Православие.Ru | Валентина Майстренко | 13.08.2004 |
ДОШіЛ С БОЯМИ ДО ПАРИЖА
Доподлинно известно, что уроженец Полтавской губернии, герой войны 1812 года, участник Бородинского сражения артиллерист Даниил Корнилиевич Делие, будучи невиновным, отбывал срок в Сибири, да так и остался здесь навсегда, завершив свой земной путь в Енисейске.
На поврежденной чугунной плите уцелело не только имя, но и фамилия Даниила — Делие, странная немножко, слишком французская для потомка казачьего рода. Но поскольку он уроженец села Новые Сенжары Полтавской губернии, там, где «швед горел под Полтавой», то ничего в ней удивительного нет. В книге о Данииле известного в Красноярской губернии священника протоиерея Василия Касьянова, изданной в Санкт-Петербурге в 1871 году, приведены воспоминания родственников о знаменитом сибирском праведнике. Вернувшись после войны в отпуск к родным, Даниил рассказывал, что было на Бородинском поле у его орудия восемь солдат, после сражения осталось только двое, настолько кровавым было это судьбоносное для всего мира сражение с французами.

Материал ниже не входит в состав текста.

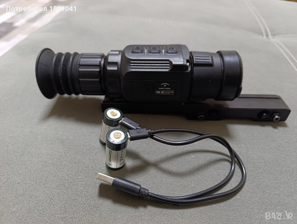 Продавам термо прицел night pearl fox 35 произведен в Чехия ,който е използван около 15-20 пъти за лов на хищници. Гаранцията на прибора е до ноември 2026 година. В комплекта са включени два чифта презареждащи се батерии ,които дават автономност до 6 часа работа,а също така има и вход за външна батерия! Wi fi приложение за наблюдение и запис на аудио през мобилно устройство (телефон таблет) с android . Уреда е като нов изключително лек и лесен за употреба. Разполага с бърз монтаж за weaver база , който е към оригиналния комплект.
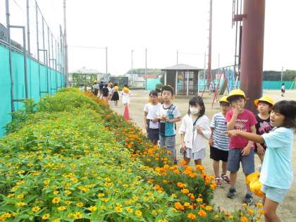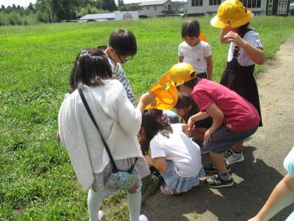 まずは、校庭の南側の花壇やヘチマ棚の辺りから、虫を探しました。
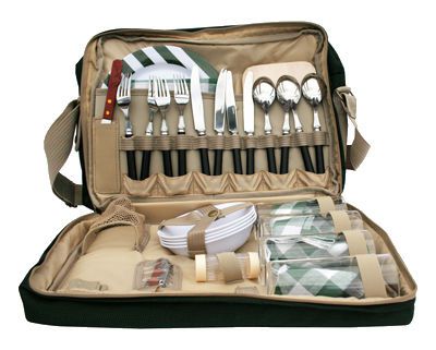 Сумка для пикника на 4 персоны 425 - удобная для транспортировки и переноски сумка, компактно вмещающая всё необходимое для пикника на природе: большое (16л) изотермическое отделение для продуктов в задней части и набор посуды на 4 персоны в передней. Сбоку имеется карман для сотового телефона.
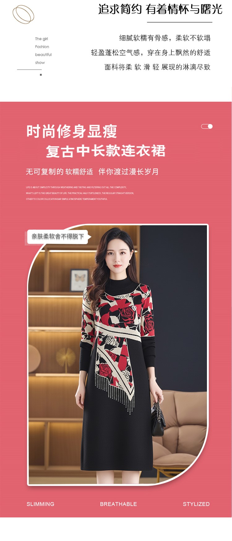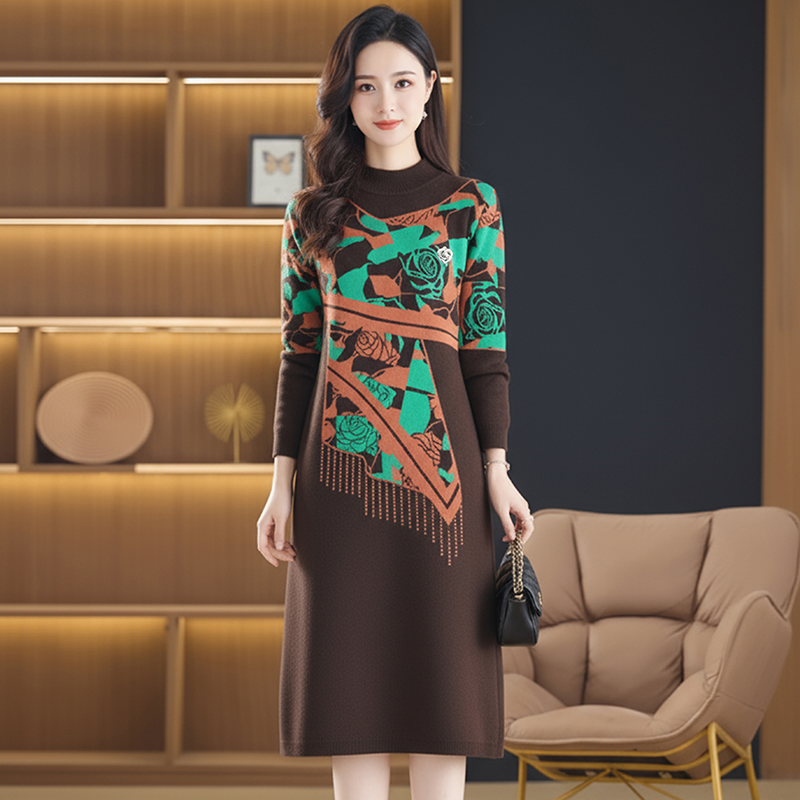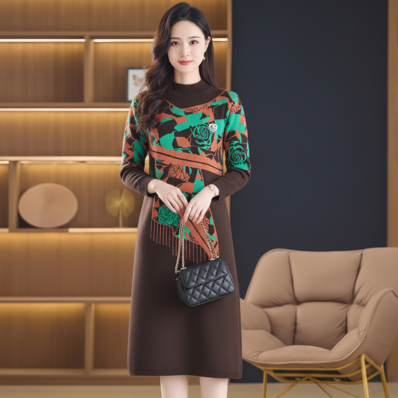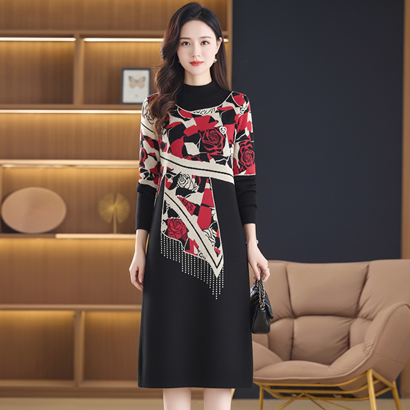 MY15465# 针织毛衣女宽松外穿新款加厚中长款打底连衣裙女裝貨源服裝批發
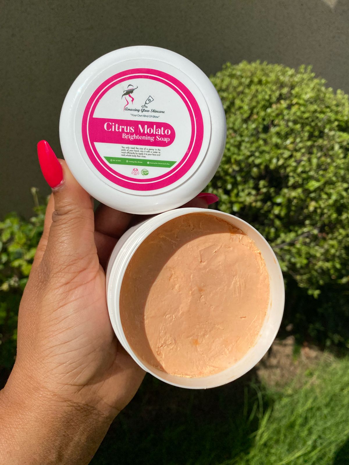 Citrus Molato brightening soap helps to evening out complexion by diminishing and preventing hyperpigmentation.
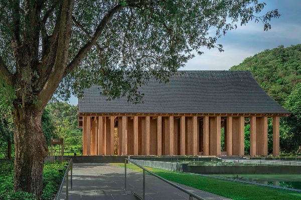 部分“地面感受”側重于將環境作為設計解決方案,將材料、工藝和構造融為一體,創造出多維空間感。例如,Arsomsilp社區與環境建筑師事務所設計的Puey Ungphakorn百年紀念大廳(2019年)和Tha Chalom天空之舟圖書館(2022年),它們形成了和諧的微生態系統,激活了原有的環境界面。Ambi工作室的湖山水庫考古展覽館(2023年)和毓秀美術館(2015年)順應地形,通過精心打造的空間為游客提供獨特的觀賞體驗。
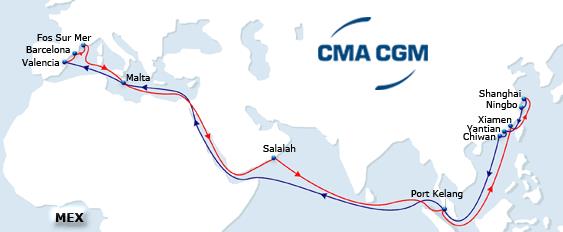 • On February 14th, the CMA CGM URAL joined the Mediterranean Club Express (MEX). She will call Shanghai, Ningbao, Yantian, Chiwan, Port Kelang, Malta, Valencia, Barcelona, Fos sur Mer, Malta, Salalah, Port Kelang, Xiamen, and Shanghai.
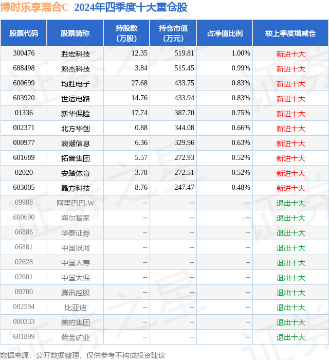 从基金规模来看,博时乐享混合C基金2024年四季度公布的基金规模为0.21亿元,较上一期规模2342.33万元变化了-217.12万元,环比变化了-9.27%。该基金最新一期资产配置为:股票占净值比15.68%,债券占净值比68.17%,现金占净值比5.36%。从基金持仓来看,该基金当季前十大股票仓位达7.21%,第一大重仓股为胜宏科技(300476),持仓占比为1.0%。

Дошел доблестный воин, несмотря на ранение, аж до Парижа. Квартировал Даниилов полк во французской столице с 1813 по 1815 годы. Остались свидетельства родных о том, что дважды он присылал с французской земли на Полтавщину на имя бывшего приходского протоиерея Петра Базилевича письма и переводы — 60 рублей и 25 рублей (сумма по тем временам немалая).
Известно, что в Зерцалах — селении Боготольского округа Томской губернии (ныне — Красноярского края), расположенном близ Ачинска, где спасался Даниил в отшельничестве, жил в одно время с ним и другой именитый сибирский старец Феодор Кузьмич, наказанный за бродяжничество двадцатью плетями и высылкой на поселение в Сибирь. По легенде, это и был дошедший с русскими войсками до Парижа император Александр I Благословенный, сымитировавший свою смерть и ушедший странствовать по России.
ПУТИ СОШЛИСЬ В ЗЕРЦАЛАХ
Прибыл Феодор Кузьмич в Боготольский округ по этапу с 43-й партией в марте 1837 года и около пяти лет прожил на казенном винокуренном заводе, что находился в двух верстах от села Краснореченского. В 1842 году некий казак Сидоров перевез старца в находящуюся по соседству станицу Белоярскую, но через несколько месяцев Феодор Кузьмич переехал в деревню Зерцалы, то есть поселился по месту своей прописки. Келью ему построили крестьяне из старого овечьего хлева. Так в маленькой сибирской деревне с по сей день сохранившимся удивительным названием Зерцалы сошлись пути двух сибирских старцев, земной срок Даниила подходил уже к концу. Думаю, было что вспомнить при встрече двум ветеранам Отечественной войны, с боями дошедшим до Парижа.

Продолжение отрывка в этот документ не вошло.